Medical records were reviewed of patients newly diagnosed with or retreated for MDR-TB from 2000 to 2002. The cohort was monitored for 3 to 7 years after the initiation of treatment. Initial treatment outcomes and cumulative survival rates were analyzed, and predictors of treatment success and survival were defined.
Of 1,407 patients with MDR-TB 75 (5.3%) had XDR-TB at treatment initiation. The default rate was high (453/1,407; 32%), and patients with XDR-TB had lower treatment success (29.3 vs. 46.2%; P = 0.004) and higher all-cause (49.3 vs. 19.4%; P < 0.001) and TB-related disease mortality (41.3 vs. 11.8%; P < 0.001) than other patients with MDR-TB. The presence of XDR-TB significantly affected treatment success (odds ratio, 0.23; 95% confidence interval [CI], 0.08-0.64; P = 0.005), all-cause mortality (hazards ratio, 3.25; 95% CI, 1.91-5.53; P < 0.001), and TB-related mortality (hazards ratio, 4.45; 95% CI, 2.48-8.00; P < 0.001) on multivariate analyses.
XDR-TB occurred in a substantial proportion of patients with MDR-TB in South Korea, and was the strongest predictor of treatment outcomes and long-term survival in patients with MDR-TB. Adequate TB control policies should be implemented to prevent the further development and spread of drug resistance.

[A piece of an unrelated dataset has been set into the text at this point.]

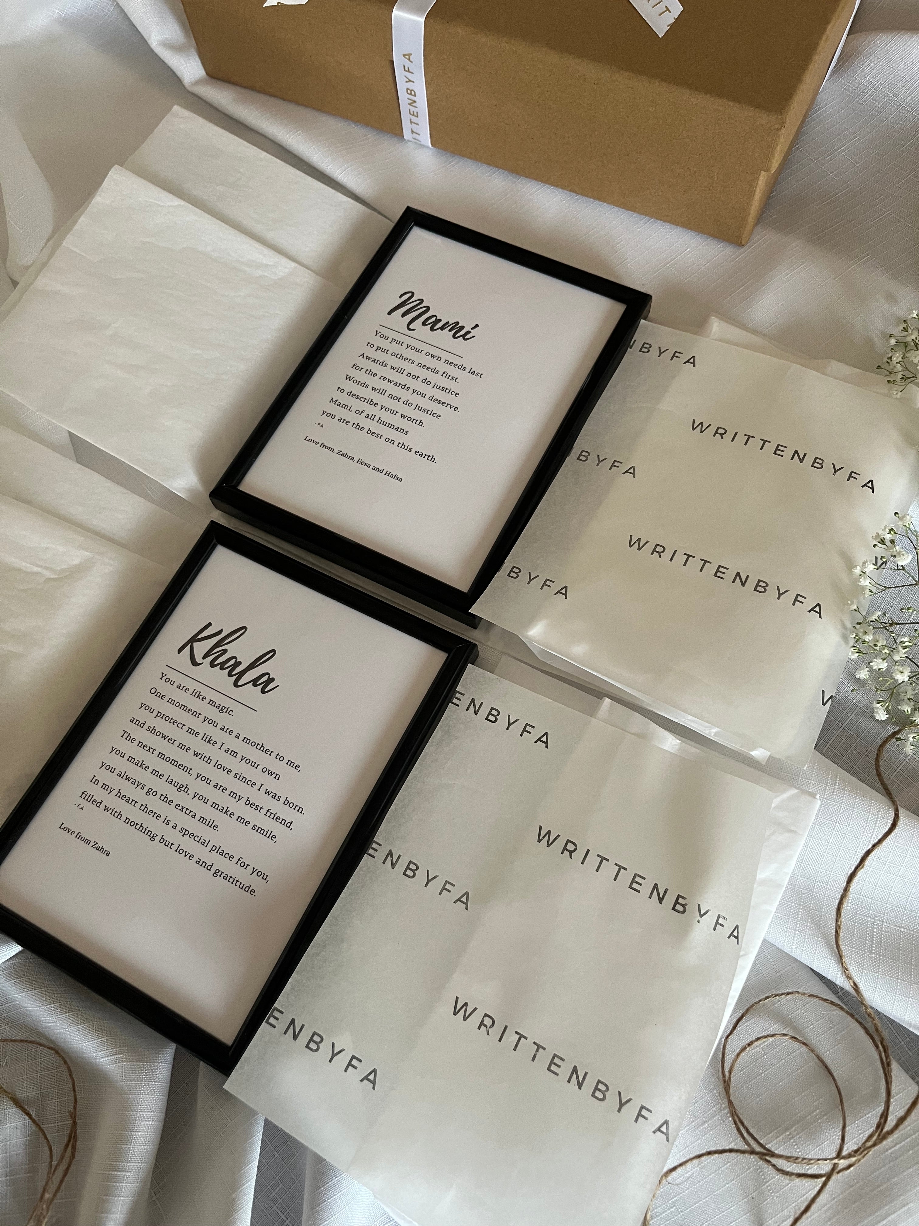 I created and sold my first products “Mother’s Day Frames” in 2017. The success of this was the catalyst to introducing more products. I began to sell frames with poems for all individuals and occasions. Following this, I started to offer the custom poem writing service, as well as candles with poetry on them.

全球范围内广泛耐药结核病(XDR-TB)发病率的上升已成为对公共卫生和结核病(TB)控制的一大威胁。不同研究的治疗结果各异,关于长期生存的数据仍然匮乏。
回顾性评估韩国一组HIV阴性耐多药结核病(MDR-TB)患者中XDR-TB患者的负担、临床特征、治疗结果及长期生存率。
对2000年至2002年新诊断或接受MDR-TB治疗的患者的病历进行回顾。在治疗开始后对该队列进行3至7年的监测。分析初始治疗结果和累积生存率,并确定治疗成功和生存的预测因素。
1407例MDR-TB患者中,75例(5.3%)在治疗开始时患有XDR-TB。失访率很高(453/1407;32%),XDR-TB患者的治疗成功率较低(29.3%对46.2%;P = 0.004),全因死亡率(49.3%对19.4%;P < 0.001)和结核病相关疾病死亡率(41.3%对11.8%;P < 0.001)均高于其他MDR-TB患者。多因素分析显示,XDR-TB的存在显著影响治疗成功率(优势比,0.23;95%置信区间[CI],0.08 - 0.64;P = 0.005)、全因死亡率(风险比,3.25;95% CI,1.91 - 5.53;P < 0.001)和结核病相关死亡率(风险比,4.45;95% CI,2.48 - 8.00;P < 0.001)。
韩国相当一部分MDR-TB患者患有XDR-TB,且XDR-TB是MDR-TB患者治疗结果和长期生存的最强预测因素。应实施适当的结核病控制政策以防止耐药性的进一步发展和传播。